** INFORMATION SUPPLIED **
○ ○ ○ ○

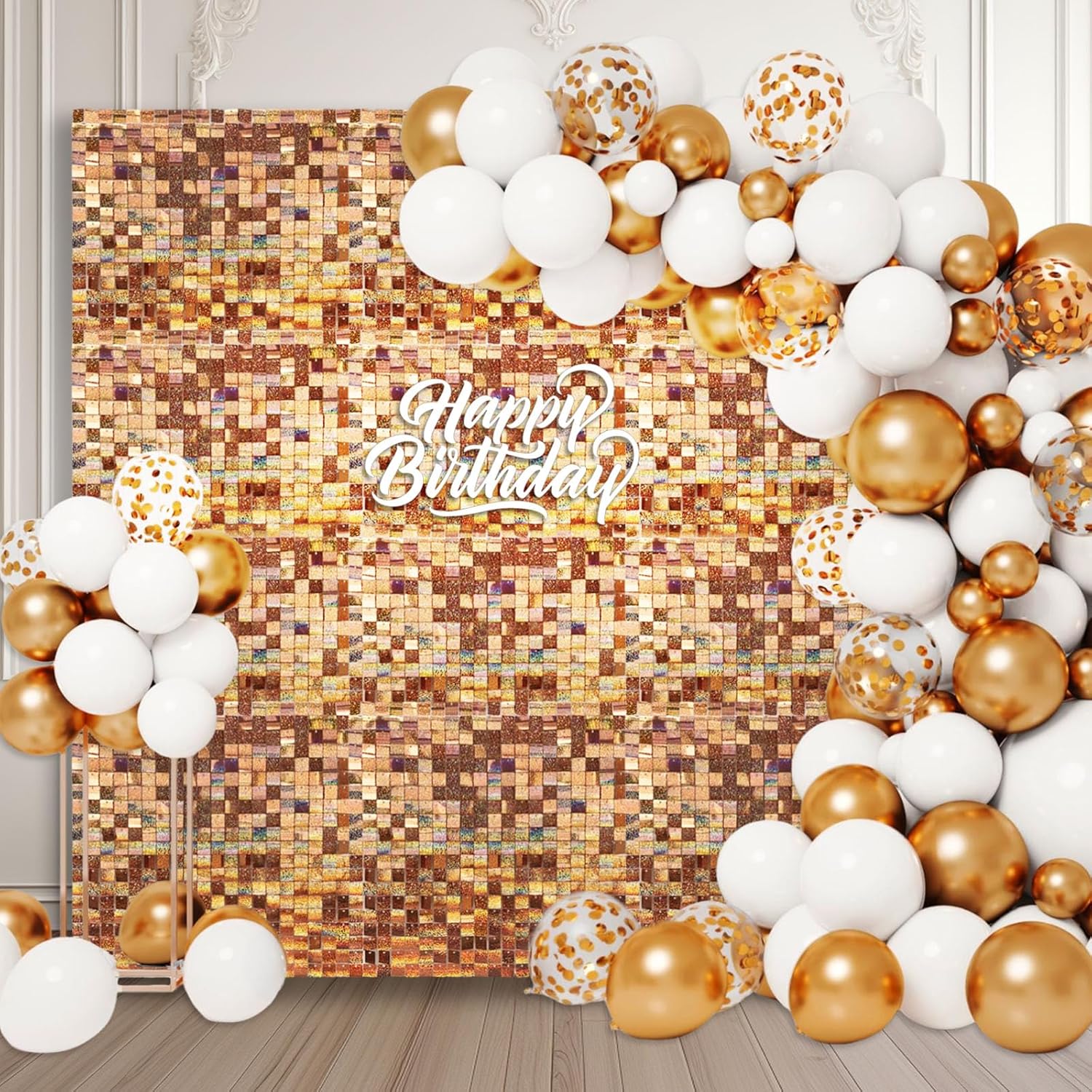 - 【Shimmer Wall Backdrops】The sequins of the champagne laser glitter wall panels will move with the wind and sparkle when the light hits them. You can match it with any balloon, wall, outdoor or indoor backdrop to a fantastic shiny photo backdrop, creating a nice shiny atmosphere for your party.
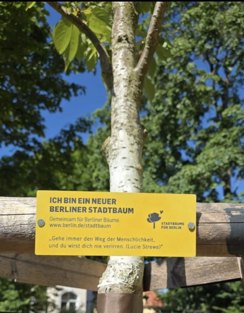 Auf dem Lucie-Strewe-Platz in Berlin-Zehlendorf fand kürzlich eine besondere Baumpflanzung statt, bei der zwei japanische Zierkirschen gepflanzt wurden. Die Bäume wurden von der Lucie Strewe Stiftung gespendet. Eine Beschilderung verweist auf die Namensgeberin der Stiftung sowie deren Lebensmotto.  Neben der bereits vorhandenen und ebenfalls von der Stiftung gespendeten Bank lädt der Platz nun einmal mehr zum Verweilen und Nachdenken über Lucies Strewes Taten und Worte ein.
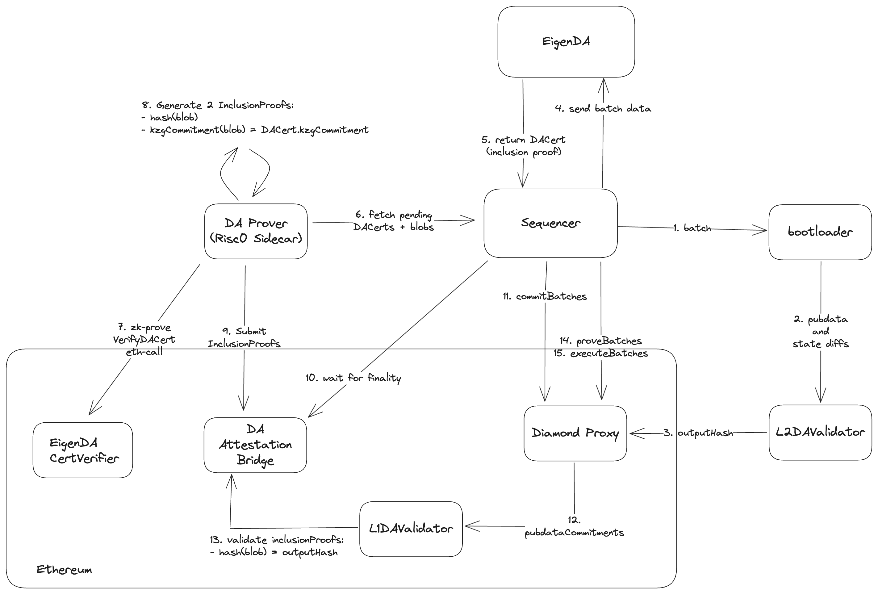 In the stage 2 model, in order for ZK Stack's prover to remain AltDA agnostic, their Validium architecture mandates that a sidecar prover is used to prove the inclusion of the compressed state diffs on EigenDA, to the L1. We use Risc0 for this sidecar prover.
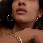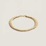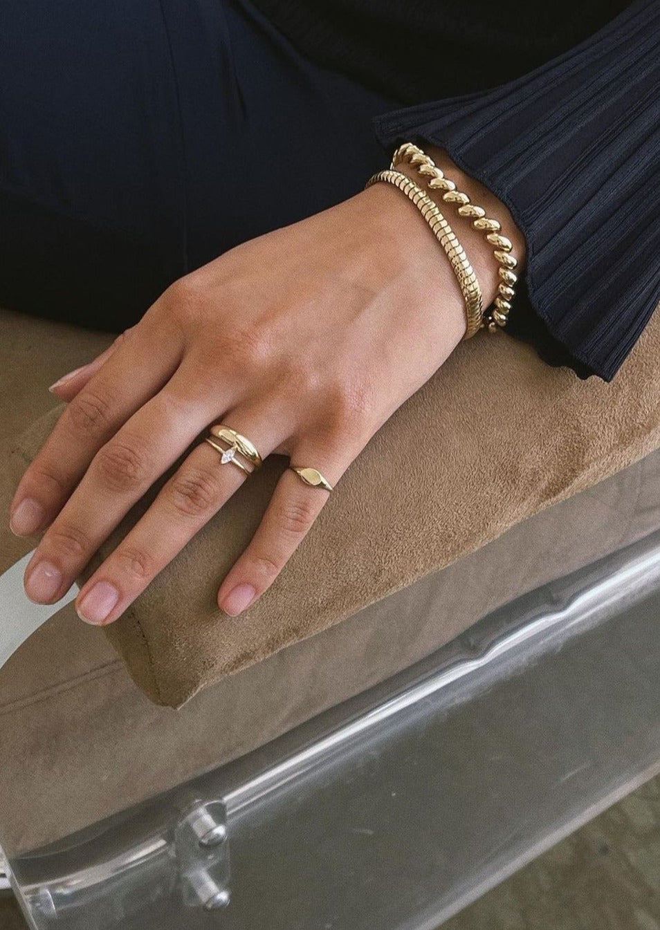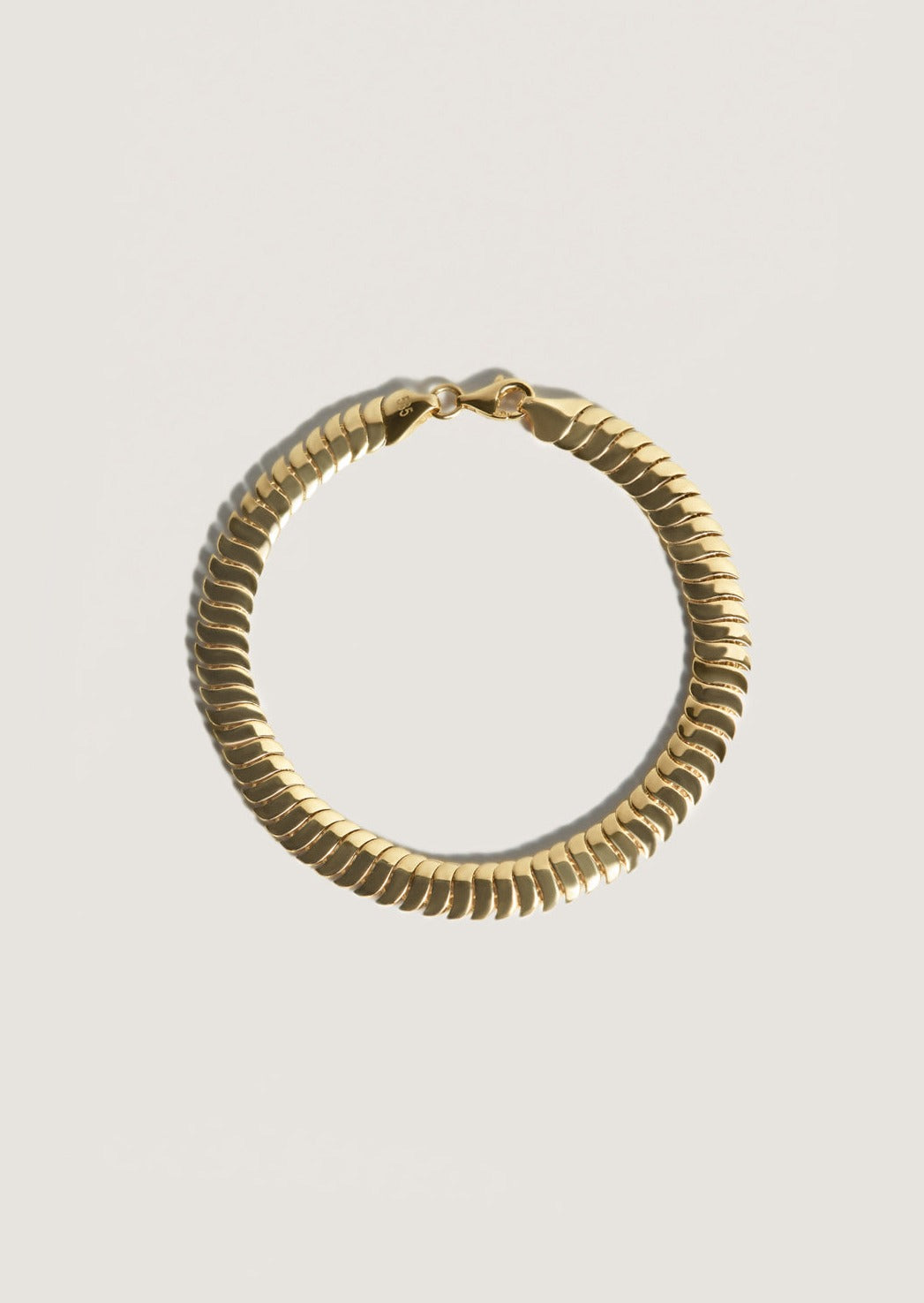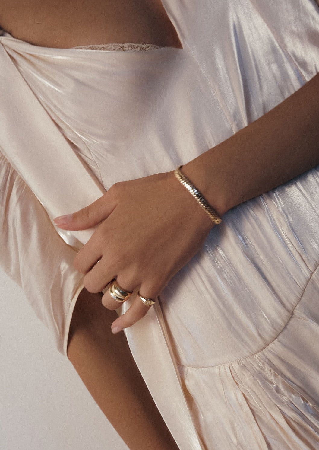 Our Cobra chain links are delicately crafted and hollow. Please handle with care, coiling and securely storing when not in use. For optimal longevity, it’s recommended to remove the bracelet during strenuous activities, as dented links cannot be repaired.

○ ○ ○ ○

** DIRECTIONS **
Drop the images and copy all the data exactly.

** TASK RESPONSE **
 - 【Shimmer Wall Backdrops】The sequins of the champagne laser glitter wall panels will move with the wind and sparkle when the light hits them. You can match it with any balloon, wall, outdoor or indoor backdrop to a fantastic shiny photo backdrop, creating a nice shiny atmosphere for your party.
 Auf dem Lucie-Strewe-Platz in Berlin-Zehlendorf fand kürzlich eine besondere Baumpflanzung statt, bei der zwei japanische Zierkirschen gepflanzt wurden. Die Bäume wurden von der Lucie Strewe Stiftung gespendet. Eine Beschilderung verweist auf die Namensgeberin der Stiftung sowie deren Lebensmotto.  Neben der bereits vorhandenen und ebenfalls von der Stiftung gespendeten Bank lädt der Platz nun einmal mehr zum Verweilen und Nachdenken über Lucies Strewes Taten und Worte ein.
 In the stage 2 model, in order for ZK Stack's prover to remain AltDA agnostic, their Validium architecture mandates that a sidecar prover is used to prove the inclusion of the compressed state diffs on EigenDA, to the L1. We use Risc0 for this sidecar prover.
 Our Cobra chain links are delicately crafted and hollow. Please handle with care, coiling and securely storing when not in use. For optimal longevity, it’s recommended to remove the bracelet during strenuous activities, as dented links cannot be repaired.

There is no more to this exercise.